In 2010, Berlin-based media artist Aram Bartholl started “Dead Drops,” his participatory file-sharing art project, by cementing a USB drive into a brick wall in New York City.
The term “dead drop” is generally used to describe a method of exchanging information in espionage, where one covert intelligence agent leaves information in a secret location for another spy to pick up. The concept holds true for each of the dead drops in Bartholl’s project, which allows people to anonymously leave files for anyone else to download onto their own devices.
“’Dead Drops’ is an offline file sharing network,” Bartholl told The Huffington Post. To create his drops, he takes a USB key, cements it into a wall, and then invites anyone and everyone to visit the key with a computer or laptop ― to either access the existing files on the USB or leave files of their own. Bartholl, whose project wasfeatured at New York City’s Museum of Modern Art in 2011, said the increasing surveillance on the web pushed him to start the project.
“I think the internet is at a very critical moment where it’s very centralized to big commercial services, which are very much controlled,” he said, “and then the open part of the internet is kind of getting smaller and smaller.”
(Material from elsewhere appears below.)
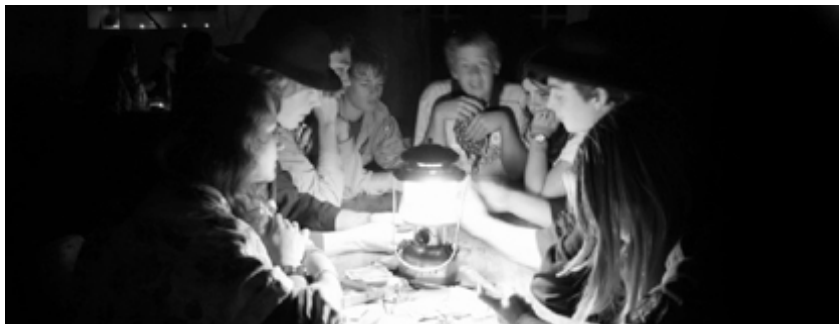
Au cours COsmOS
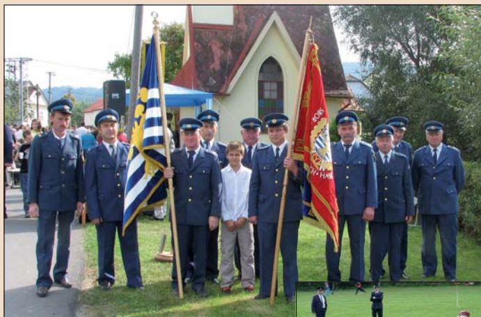
2005 – Oslavy v Poteči

2005 – Přes veškeré úsilí pouze 5. místo

The completely unregulated nature of Bartholl’s dead drops has allowed for the proliferation of innocuous media like photos, but has also created a space for darker things as well. According to The Guardian, a German journalist found plans for a bomb, directions for producing crystal meth, and recipes for poison at one of the dead drops in Cologne in 2015.
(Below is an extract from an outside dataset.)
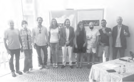
طعمة وحرب وباز مع عدد من الأبطال والبطلات

The project is still growing. Since its inception, citizens all over the world have added to Bartholl’s network of USB devices. Thus far, people have created more than 1,700 dead drops across six continents and exchanged 12,000 GB of data.
“I think the beauty lies in [the idea] that we don’t know what’s on there and then the data that’s on there very much reflects the people who’ve been there before,” he said. “There’s a personal connection appearing when you’re looking at the contents.”
Bartholl said the art project is essentially an “adventure game” that motivates those in the know to hunt for each dead drop location, but it’s also about serving a bigger mission and making truly decentralized information accessible to anyone.
“There’s still an open place where you can leave any information and there’s no control about what you do,” he said.